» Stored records
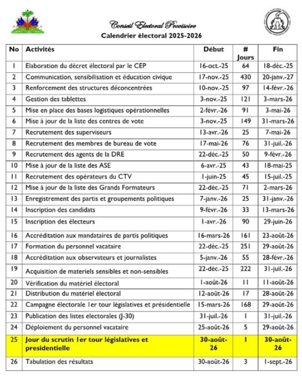 Depuis les élections de 2015, c’est la première fois que des dates sont fixées pour une compétition électorale en Haïti. Après le premier tour le 30 août, le second tour du scrutin aura lieu le 6 décembre 2026.
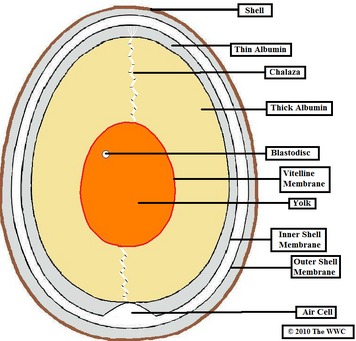 We discourage you disturbing the nests and this guide uses images from a generous member of the public which specialises in making hand crafted replica bird eggs. To buy some of the eggs or take a look at the range please click here. Egg Anatomy [] This diagram shows the anatomy of a freshly fertilised chicken egg.
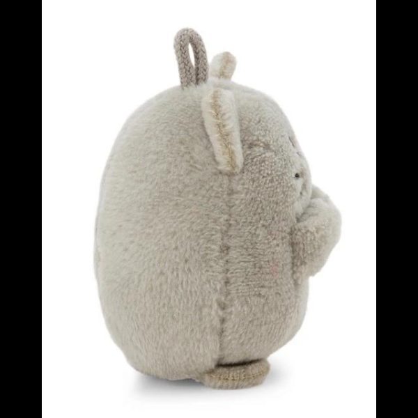 Mini peluche NICI em cinza, 5 cm, com header – uma lembrança fofinha e elegante.
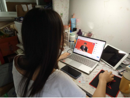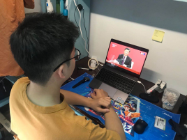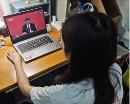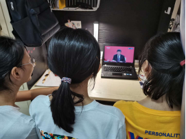 在图书馆自习室的beat365学生观看庆祝大会直播
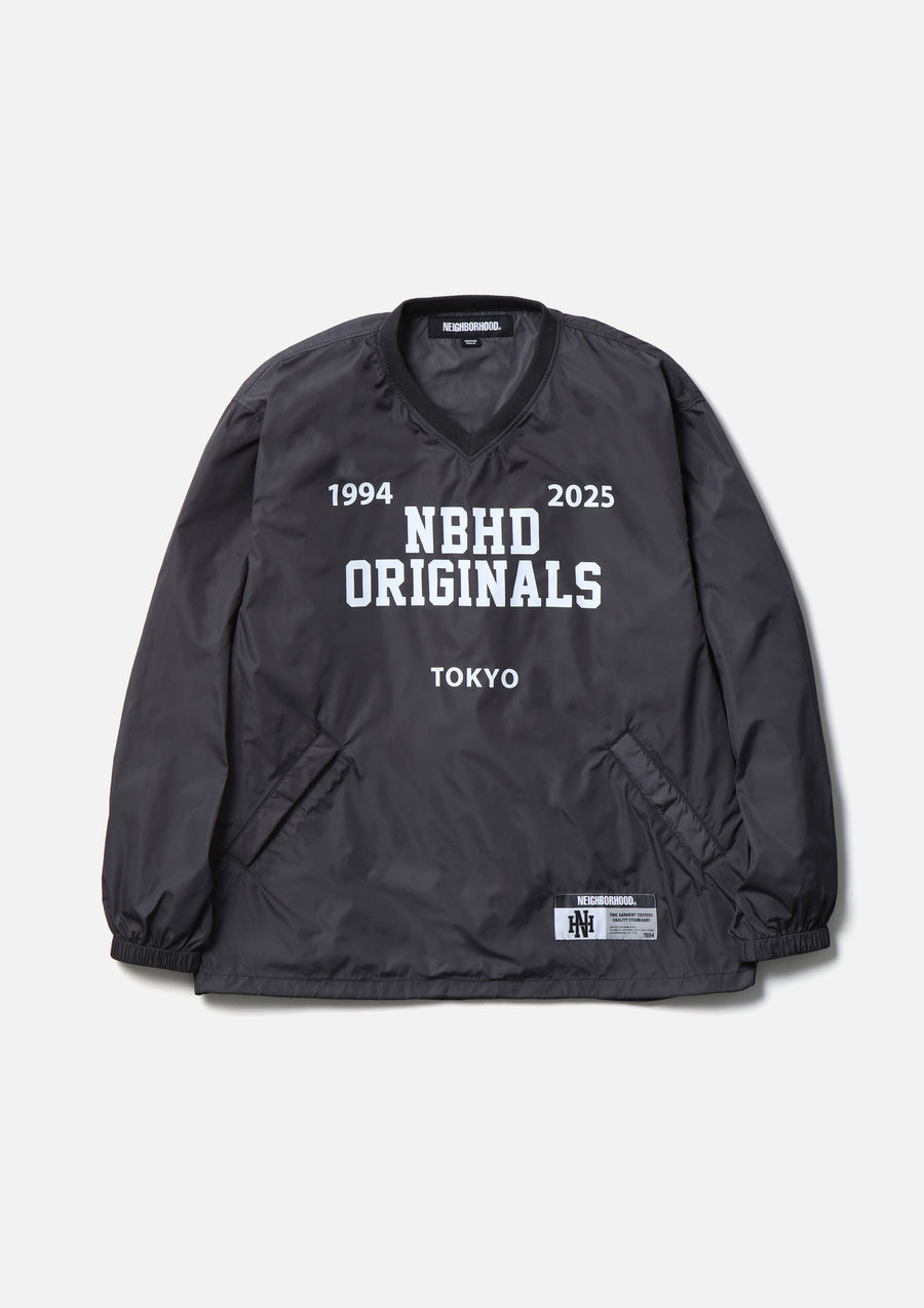A pullover shirt made from plain-weave taffeta fabric, densely woven with highly abrasion-resistant nylon yarn. V-neck ribbed design. The hem includes an adjustable elastic spindle. Graphic print on the front. Equipped with a brand tag on the left hem and side seam.
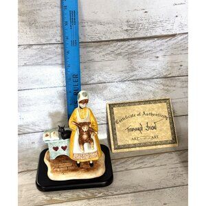 Please review the images carefully. While these figurines have been displayed in a protective case, one has minor sun damage on the back. This can be restored, but it is not noticeable when displayed, as the focus remains on the front. With minimal cleaning, these pieces will look like new and remain conversation pieces for years to come. Each sculpture originally retailed for $325.
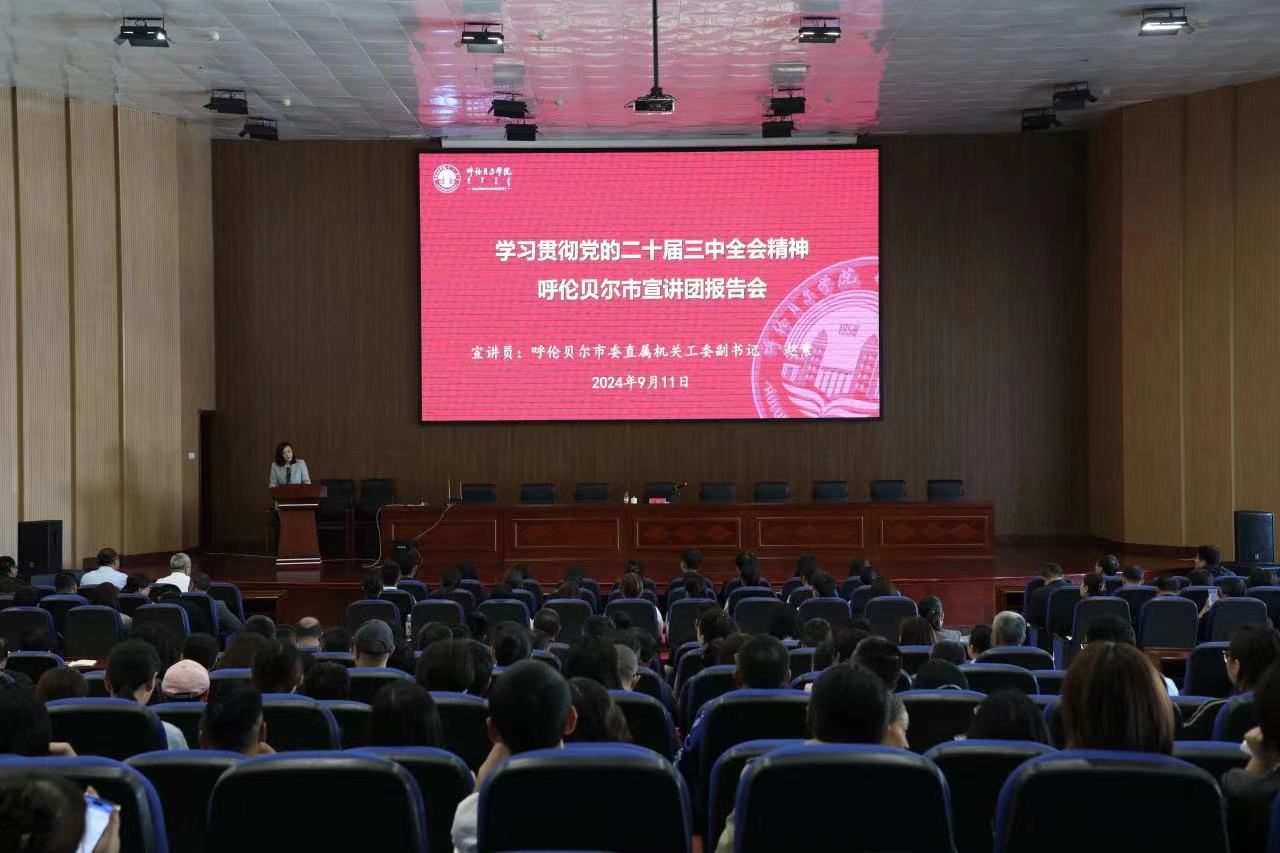 為全面深入學習領會黨的二十屆三中全會精神,扎實推進學習宣傳貫徹工作,9月11日,我校在圖書館四樓報告廳舉辦學習貫徹黨的二十屆三中全會精神專題宣講報告會,邀請呼倫貝爾市學習貫徹黨的二十屆三中全會精神宣講團成員、市直屬機關工委副書記趙素作專題宣講報告。在報告會上,趙素從深刻認識黨的二十屆三中全會的重大意義、深入學習領會習近平總書記在全會上的重要講話精神、全面準確理解和把握進一步全面深化改革的重大舉措、...
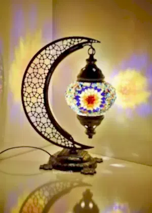 Bu ürün, muhtemelen bir masa veya ayaklı lamba olan silindirik formda çarpıcı bir Türk mozaik lambasını sergiliyor. Karmaşık cam işçiliği, merkezde bir yıldız patlaması motifi oluşturan kaleydoskop benzeri geometrik bir desende düzenlenmiş canlı bir renk dizisi sergiliyor. Lambanın yaydığı sıcak, çok renkli parıltı, yumuşak, ortam aydınlatma efekti yaratarak onu lobi, kafe veya ev gibi rahat alanlar için ideal bir dekoratif parça haline getiriyor. Geleneksel işçilik, Türk aydınlatma tasarımının zengin kültürel mirasını yansıtırken, tabandaki ve üstteki ayrıntılı metal işçiliği zarafetini artırıyor. Bu mozaik lamba, el yapımı dekoru takdir eden ve çevrelerine egzotik bir güzellik dokunuşu katmak isteyenler için mükemmeldir.
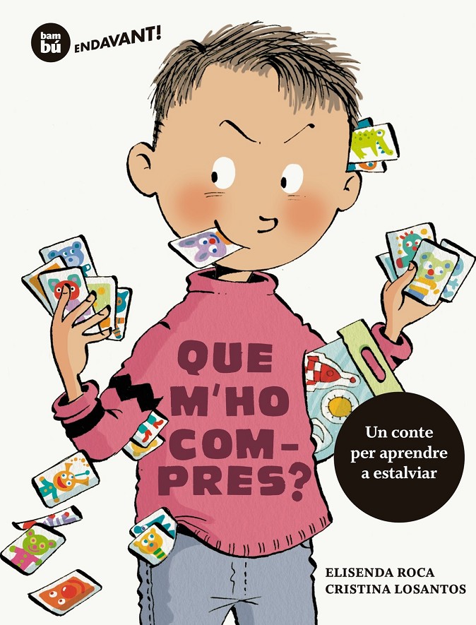 Un conte per a aprendre a estalviar. L'Ernest, la Victòria i en Joaquim són tres germans feliços i juganers. Però un bon dia en Joaquim comença a demanar que li comprin coses sense mesura: cromos, joguines, no en té mai prou i la cosa es descontrola.

» Problem description
When you transcribe the entries above, begin at their first line, end with the line containing "A pullover shirt", and copy each line exactly without any picture.

» Task output
 Depuis les élections de 2015, c’est la première fois que des dates sont fixées pour une compétition électorale en Haïti. Après le premier tour le 30 août, le second tour du scrutin aura lieu le 6 décembre 2026.
 We discourage you disturbing the nests and this guide uses images from a generous member of the public which specialises in making hand crafted replica bird eggs. To buy some of the eggs or take a look at the range please click here. Egg Anatomy [] This diagram shows the anatomy of a freshly fertilised chicken egg.
 Mini peluche NICI em cinza, 5 cm, com header – uma lembrança fofinha e elegante.
 在图书馆自习室的beat365学生观看庆祝大会直播
A pullover shirt made from plain-weave taffeta fabric, densely woven with highly abrasion-resistant nylon yarn. V-neck ribbed design. The hem includes an adjustable elastic spindle. Graphic print on the front. Equipped with a brand tag on the left hem and side seam.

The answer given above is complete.